WHAT YOU NEED TO DO
Your task is to restate every entry below word for word and omit the images.

INFORMATION SUPPLIED
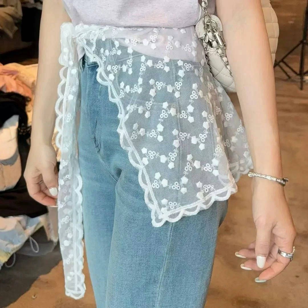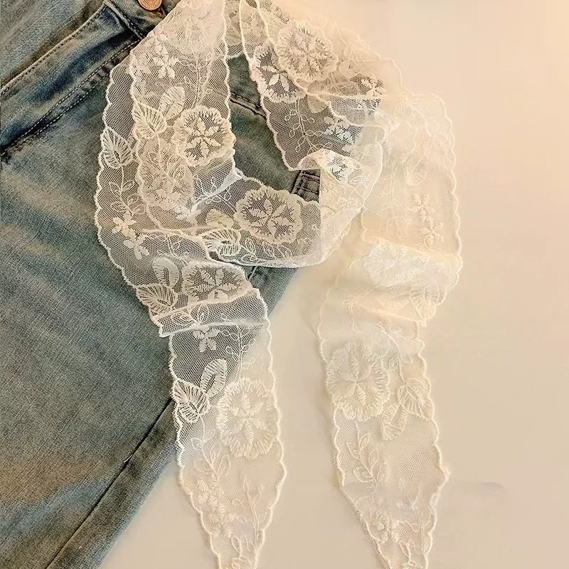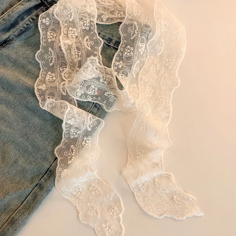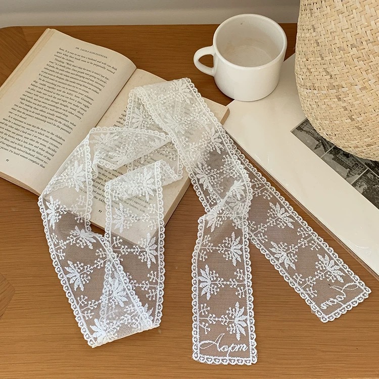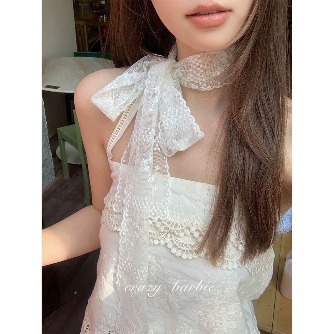 한국 레이스 긴 스카프 리본 작은 스카프 여성의 봄과 여름 얇은 헤어 밴드 넥타이 가방 작은 스카프 콜라본 목걸이
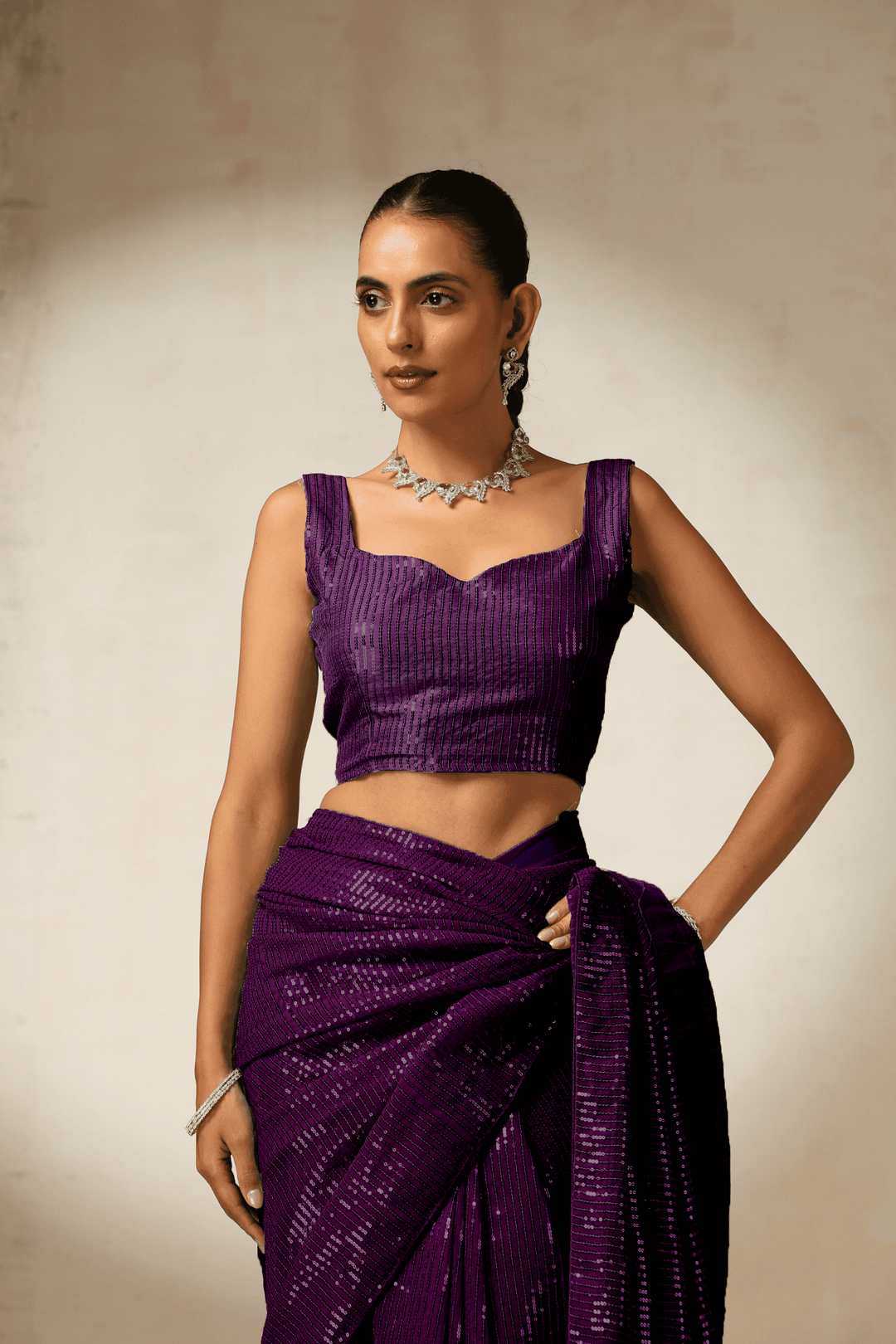 Description:- A Wine sequins Embellished Blouse. This sequins blouse is ideal for party wear and wedding sarees. The blouse is padded so you never have to worry about matching the right innerwear!
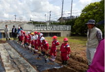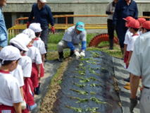 5/7 2年生とふたばの子供たちと オクラ キュウリなどの5種類の夏野菜の苗を植えました。
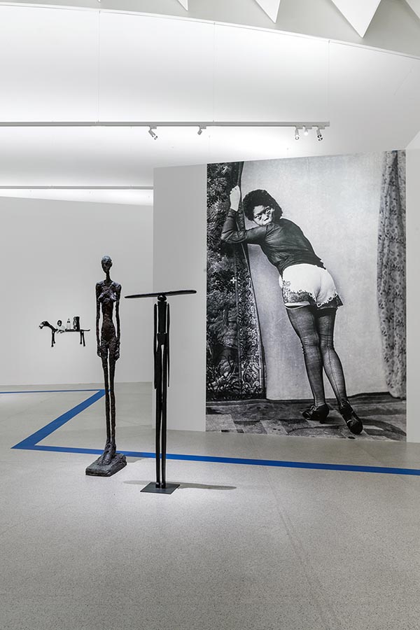 原籍奈及利亞的挪威藝術家芙莉坦.歐莉帕博,同樣擅長運用影像來挑戰人們的慣有觀點及社會所形塑的刻板印象。不過有別於龐格的攝影創作,歐莉帕博使用的影像均是她從舊市場或是網路上蒐集、累積的回收資料,呼應其本身同時也是社會學家的研究工作模式。因為從小成長於一個幾乎只有白人的世界,歐莉帕博早期的拼貼(collage)創作主要以黑人女性為主題,但她也漸漸開始使用動物的影像,讓其原本集中在種族和性別的批判議題以更多元化的模式納入動物權的概念。此次展覽受mumok之邀,歐莉帕博從美術館典藏中擇選出數件現代主義雕塑作品來呼應她的數位影像創作。其中值得一提的組合有她將自己的作品〈轉身〉伴隨著露易絲.布爾喬亞(Louise Bourgeois)的〈觀察者〉和傑克梅第的〈站立的女人Ⅲ〉一同陳列,這三件交錯的作品分別呈現三名往同一個方向觀看的女性,看似在挑戰觀者的眼光與偏見。另一令人印象深刻的作品集結是mumok典藏的三件歐莉帕博的〈無題〉,與展出的另外三件現代主義雕塑產生鮮明的對比,分別是布朗庫西1933年作的〈金髮黑妞Ⅱ〉、亨利.勞倫斯(Henri Laurens)1935年的〈母親〉,以及奧西普.柴金1922年的〈女性形式〉,猶如見證著當年男性藝術家如何看待女性的不同觀點──不是過度誇張,就是過於刻板,又或是幻想太甚。
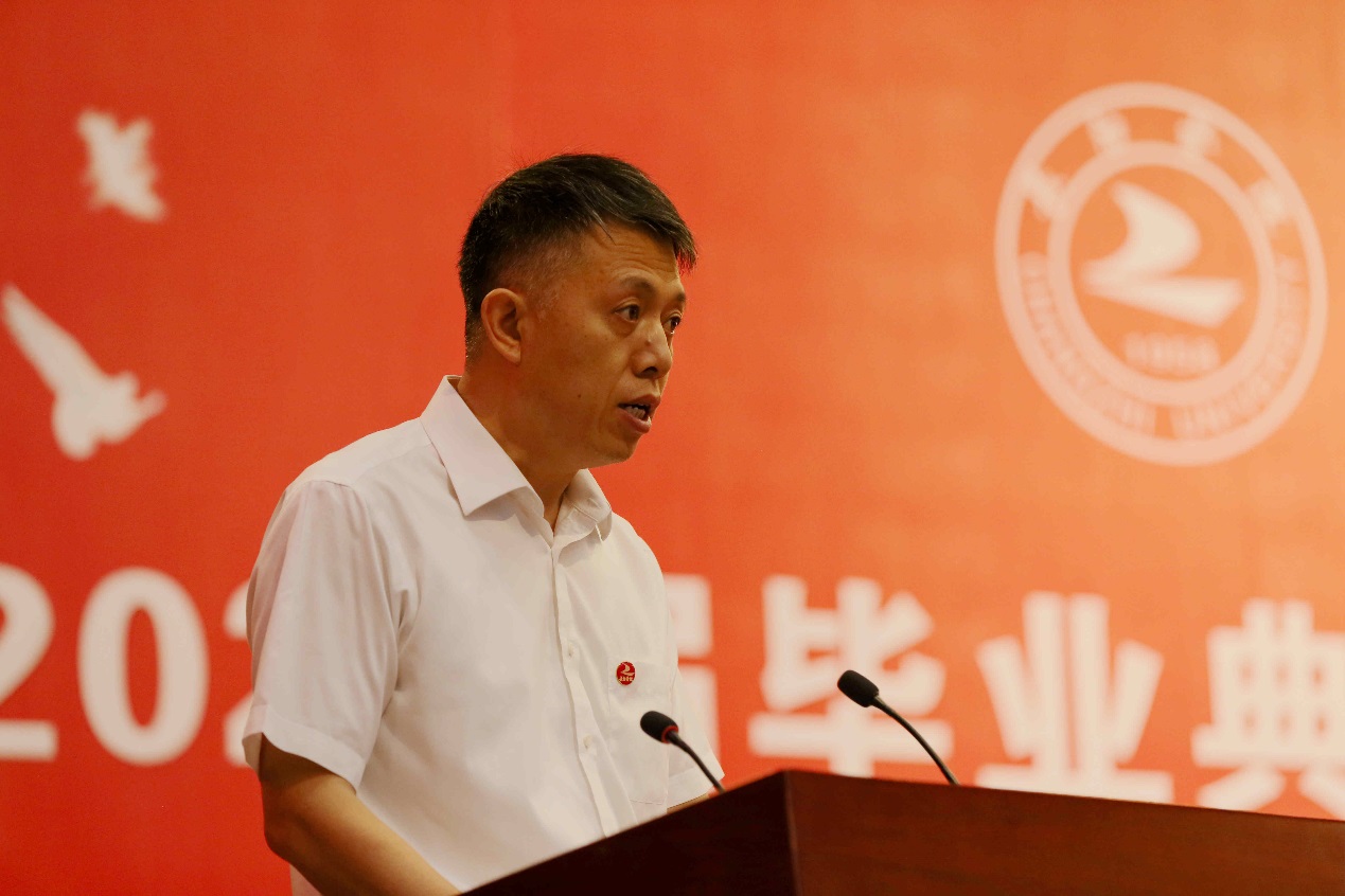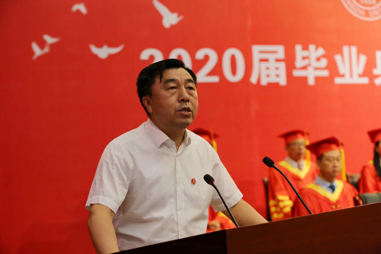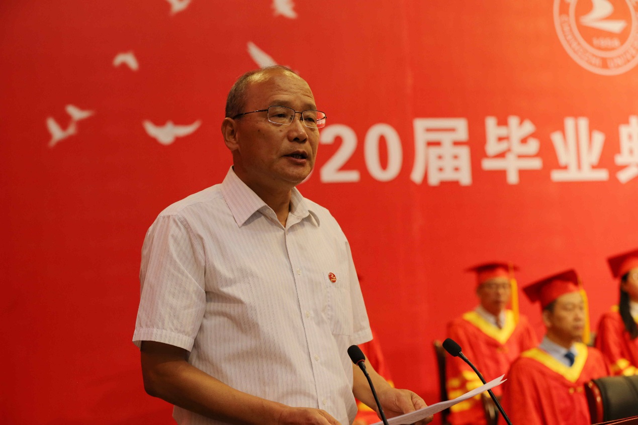 党委副书记、院长茹文明在毕业典礼上致辞。他首先代表学校领导和万余名师生员向2020届全体毕业生致以最热烈的祝贺和最美好的祝愿。他指出,2020年遭遇新冠疫情,同学们没有慌张,没有被疫情所吓倒,而是积极调整心态,很快适应了新的学习模式;大家克服生活上的困难,服从学校关于疫情防控的各项管理措施;大家忙碌于各种线上招聘,紧抓每一次就业机会;大家主动成为志愿者,为学校和社区的疫情防控贡献爱心与力量。在这个过程中,766全讯白菜网涌现出了一大批优秀的榜样,他们没有因为遭遇疫情而怨天尤人,反而将其作为人生的一种宝贵的财富和难忘的回忆同。同时,对毕业生提出几点希望与嘱托:
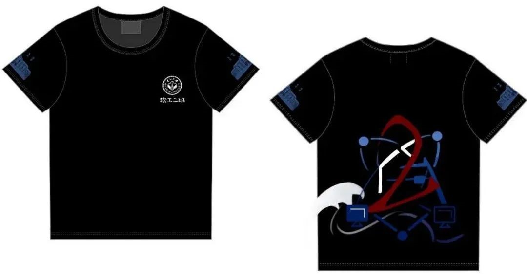 我们设计的班服款式是短袖T恤,颜色以黑色为底色,其它颜色的图案显得简单大气。班服正面白色的校徽和“软工2班”的文字印在黑色的背景上,代表着我们会像在夜幕上的星辰一样吸引人的目光。班服的背面由三个图案组成:蓝色(渐变)的链状图案,代表着我们学院的特色科研方向——区块链技术;深蓝色的连接在一起的电脑,代表着我们学院的特色科研方向——分布式计算,同时它们也是我们每天学习都要用到的工具;中间红色的“2”字代表我们21级2班,红色象征着我们年轻人对学习和生活的热情以及对学校和学院的热爱;两袖袖口还印着我们太阳成集团tyc9728的学院楼图案。
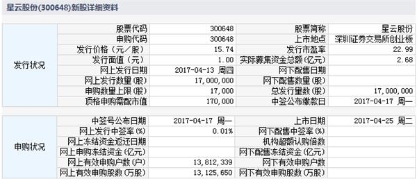根据交易所公告,福建星云电子股份有限公司于2017年4月25日起在深圳证券交易所创业板上市。
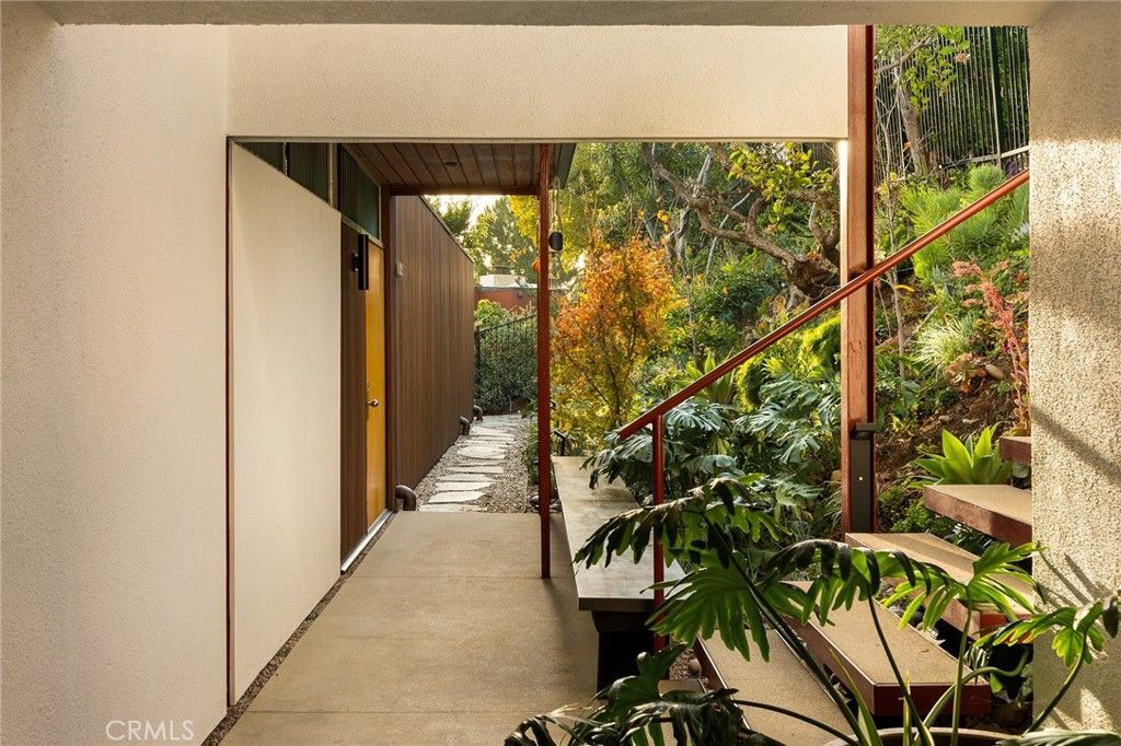 Published and recognized mid-century Case Study architect Craig Ellwood, The Byron Lamar Johnson House, 1953 is the third in the series of Ellwoods recorded steel hillside houses, located in Crestwood Hills of Brentwood, on prestigious Tigertail Road. Here is a great example of pedigree mid century architecture at the top of Crestwood Hills, an incredibly prized Ellwood, here you will find a meticulous restoration honoring the Ellwood design ethos. Conceptually pristine, once called Beauty of the House of Steel in the LA Examiner. The property consists of two separate addresses. The main residence incorporates 3 bedrooms, 2.5 baths, plus new ADU 1 bed w/full steam shower bath & kitchen direct to the pool area. Whole house automation, solar panels, Tesla power walls, EV charger, brand new roof w/rooftop sprinkler, terrazzo floors, Lutron lighting, Baldwin and Fleetwood doors/windows, new sewer and gas line, motorized shades, restored gas/wood burning fireplace, water filtration, Gaggenau, Wolf Subzero appliances, outdoor kitchen w/Lynx Barbecue & pizza oven, grass lawn w/period chaise lounges, skylights, Waterworks fixtures. Every detail has been carefully curated from the furnishings to the finishes making this a truly turnkey living experience. Tigertail trailhead steps from door, minutes to Brentwood Country Mart & Farmers Market. History preserved and restored. Offered fully furnished.
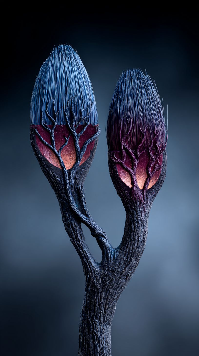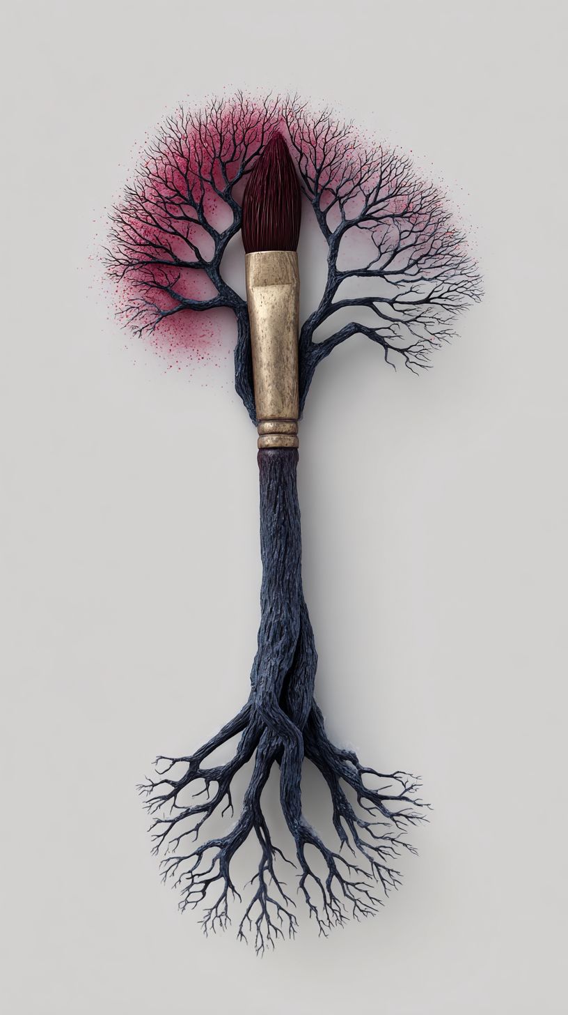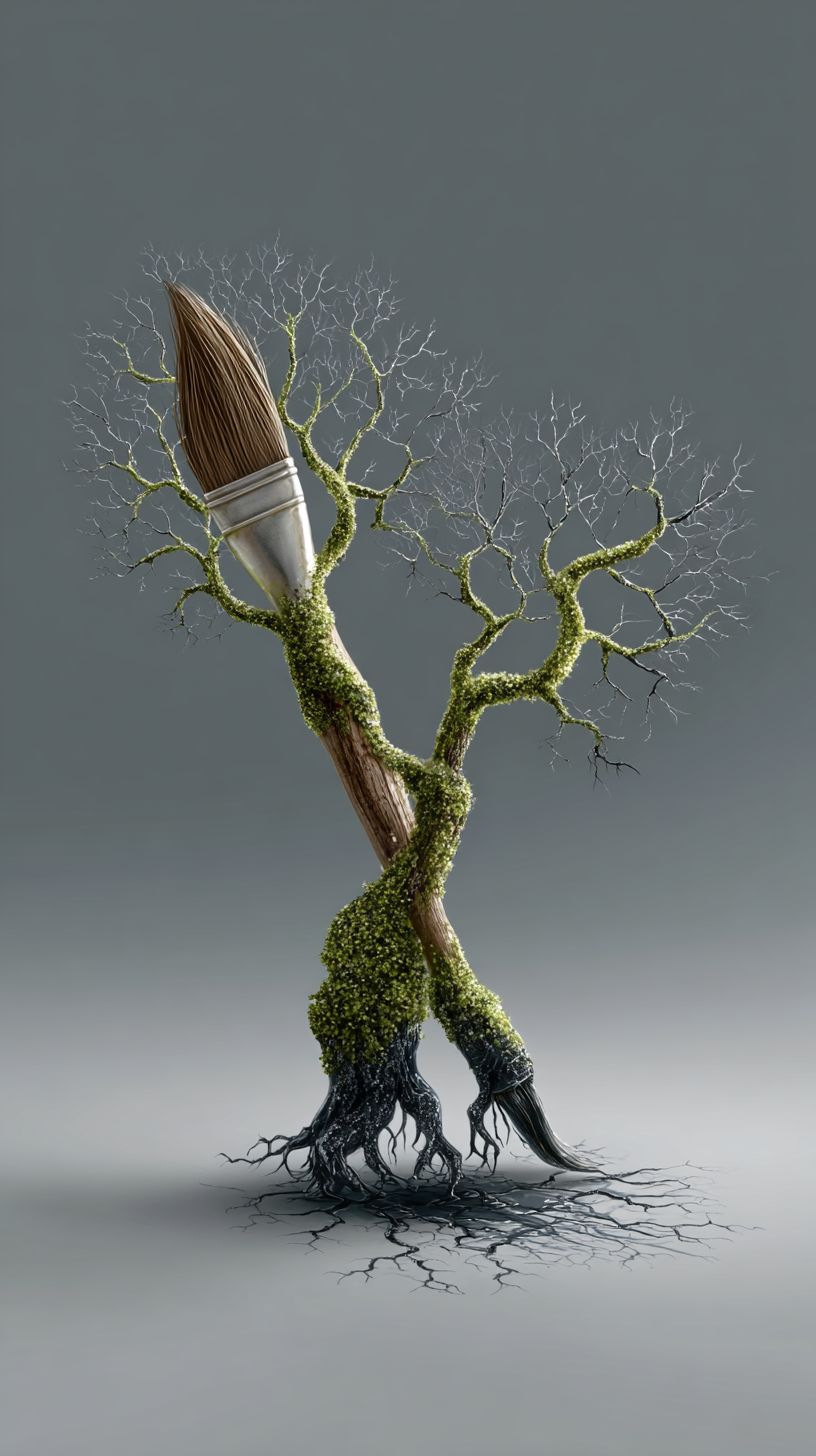 two paint brushes, one growing out of the other like a tree stem --ar 9:16 --profile jao7vcu --stylize 250 --v 7.0
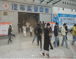 演练开始,模拟汽车实训室内出现“火情”,浓烟弥漫。随着警报声响起,学生们在辅导员的指挥下,迅速按照应急方案,捂住口鼻,弯腰低姿,沿着指定疏散通道快速、有序地撤离至室外安全地带,整个过程紧张高效,井然有序。

SOLVED PROBLEM
 한국 레이스 긴 스카프 리본 작은 스카프 여성의 봄과 여름 얇은 헤어 밴드 넥타이 가방 작은 스카프 콜라본 목걸이
 Description:- A Wine sequins Embellished Blouse. This sequins blouse is ideal for party wear and wedding sarees. The blouse is padded so you never have to worry about matching the right innerwear!
 5/7 2年生とふたばの子供たちと オクラ キュウリなどの5種類の夏野菜の苗を植えました。
 原籍奈及利亞的挪威藝術家芙莉坦.歐莉帕博,同樣擅長運用影像來挑戰人們的慣有觀點及社會所形塑的刻板印象。不過有別於龐格的攝影創作,歐莉帕博使用的影像均是她從舊市場或是網路上蒐集、累積的回收資料,呼應其本身同時也是社會學家的研究工作模式。因為從小成長於一個幾乎只有白人的世界,歐莉帕博早期的拼貼(collage)創作主要以黑人女性為主題,但她也漸漸開始使用動物的影像,讓其原本集中在種族和性別的批判議題以更多元化的模式納入動物權的概念。此次展覽受mumok之邀,歐莉帕博從美術館典藏中擇選出數件現代主義雕塑作品來呼應她的數位影像創作。其中值得一提的組合有她將自己的作品〈轉身〉伴隨著露易絲.布爾喬亞(Louise Bourgeois)的〈觀察者〉和傑克梅第的〈站立的女人Ⅲ〉一同陳列,這三件交錯的作品分別呈現三名往同一個方向觀看的女性,看似在挑戰觀者的眼光與偏見。另一令人印象深刻的作品集結是mumok典藏的三件歐莉帕博的〈無題〉,與展出的另外三件現代主義雕塑產生鮮明的對比,分別是布朗庫西1933年作的〈金髮黑妞Ⅱ〉、亨利.勞倫斯(Henri Laurens)1935年的〈母親〉,以及奧西普.柴金1922年的〈女性形式〉,猶如見證著當年男性藝術家如何看待女性的不同觀點──不是過度誇張,就是過於刻板,又或是幻想太甚。
 党委副书记、院长茹文明在毕业典礼上致辞。他首先代表学校领导和万余名师生员向2020届全体毕业生致以最热烈的祝贺和最美好的祝愿。他指出,2020年遭遇新冠疫情,同学们没有慌张,没有被疫情所吓倒,而是积极调整心态,很快适应了新的学习模式;大家克服生活上的困难,服从学校关于疫情防控的各项管理措施;大家忙碌于各种线上招聘,紧抓每一次就业机会;大家主动成为志愿者,为学校和社区的疫情防控贡献爱心与力量。在这个过程中,766全讯白菜网涌现出了一大批优秀的榜样,他们没有因为遭遇疫情而怨天尤人,反而将其作为人生的一种宝贵的财富和难忘的回忆同。同时,对毕业生提出几点希望与嘱托:
 我们设计的班服款式是短袖T恤,颜色以黑色为底色,其它颜色的图案显得简单大气。班服正面白色的校徽和“软工2班”的文字印在黑色的背景上,代表着我们会像在夜幕上的星辰一样吸引人的目光。班服的背面由三个图案组成:蓝色(渐变)的链状图案,代表着我们学院的特色科研方向——区块链技术;深蓝色的连接在一起的电脑,代表着我们学院的特色科研方向——分布式计算,同时它们也是我们每天学习都要用到的工具;中间红色的“2”字代表我们21级2班,红色象征着我们年轻人对学习和生活的热情以及对学校和学院的热爱;两袖袖口还印着我们太阳成集团tyc9728的学院楼图案。
根据交易所公告,福建星云电子股份有限公司于2017年4月25日起在深圳证券交易所创业板上市。
 Published and recognized mid-century Case Study architect Craig Ellwood, The Byron Lamar Johnson House, 1953 is the third in the series of Ellwoods recorded steel hillside houses, located in Crestwood Hills of Brentwood, on prestigious Tigertail Road. Here is a great example of pedigree mid century architecture at the top of Crestwood Hills, an incredibly prized Ellwood, here you will find a meticulous restoration honoring the Ellwood design ethos. Conceptually pristine, once called Beauty of the House of Steel in the LA Examiner. The property consists of two separate addresses. The main residence incorporates 3 bedrooms, 2.5 baths, plus new ADU 1 bed w/full steam shower bath & kitchen direct to the pool area. Whole house automation, solar panels, Tesla power walls, EV charger, brand new roof w/rooftop sprinkler, terrazzo floors, Lutron lighting, Baldwin and Fleetwood doors/windows, new sewer and gas line, motorized shades, restored gas/wood burning fireplace, water filtration, Gaggenau, Wolf Subzero appliances, outdoor kitchen w/Lynx Barbecue & pizza oven, grass lawn w/period chaise lounges, skylights, Waterworks fixtures. Every detail has been carefully curated from the furnishings to the finishes making this a truly turnkey living experience. Tigertail trailhead steps from door, minutes to Brentwood Country Mart & Farmers Market. History preserved and restored. Offered fully furnished.
 two paint brushes, one growing out of the other like a tree stem --ar 9:16 --profile jao7vcu --stylize 250 --v 7.0
 演练开始,模拟汽车实训室内出现“火情”,浓烟弥漫。随着警报声响起,学生们在辅导员的指挥下,迅速按照应急方案,捂住口鼻,弯腰低姿,沿着指定疏散通道快速、有序地撤离至室外安全地带,整个过程紧张高效,井然有序。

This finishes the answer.